Posts: 5192; Member since: Oct 28, 2013

"Free", at the end of the day, my tablet does more work than my comparable android tablet. Android sells more, because well I can get one with my bubble gum out the door at walgreens, that doesn't make it awesome. I remember the return rush on the polaroid android tablets. Lets not forget the carrier give aways etc. Sales do not always mean the better product. Isnt that what Linux has been ragging on about windows for how long now?

13. yoosufmuneer

Posts: 1518; Member since: Feb 14, 2015

If I get it, the first thing I'd do is to replace SD810 with E8890 or SD820

19. Techist

Posts: 311; Member since: Jan 27, 2015

Which could probably be easily done since everything is swap-able. I think it would be great if I could customize many specifications of the tablet to my liking.

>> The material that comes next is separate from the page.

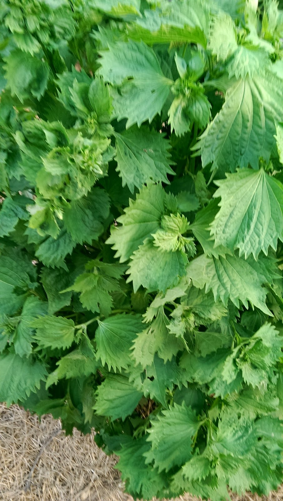 While Ethan and I were taking Matilda back (there was an impending thunderstorm and she walks a lot quicker and behaves much better with Ethan along. She has no respect for me at all.) he brought up the plant again. He said,”What is that horrible plant in the garden?” I told him I thought it was a nightshade. He said it smelled so bad it made his head hurt. “Smell it,” he said, and shoved a leaf at me. I looked at the leaf and realized it was the shiso.

Don't know if it will be commercially viable, though.

17. catze86

Posts: 731; Member since: Dec 07, 2015

I wonder if those bricks are durable. I realy want to throw one of those bricks in my ex-GF head... hmmm

18. Ashoaib

Posts: 3276; Member since: Nov 15, 2013

waiting fir a modular phone

20. T-Dizzle

Posts: 152; Member since: Jul 21, 2015

That's a tablet size I could work with.

22. Mxyzptlk unregistered

Still looks gimmicky. I'm not convinced at all on the modular concept.

26. elitewolverine

Posts: 5192; Member since: Oct 28, 2013

For me the problem becomes...at what point is swapping parts no longer worth it. Is it the same price to simply buy a new device every two years? Will that 41MP camera add on be 300 bucks? or 40?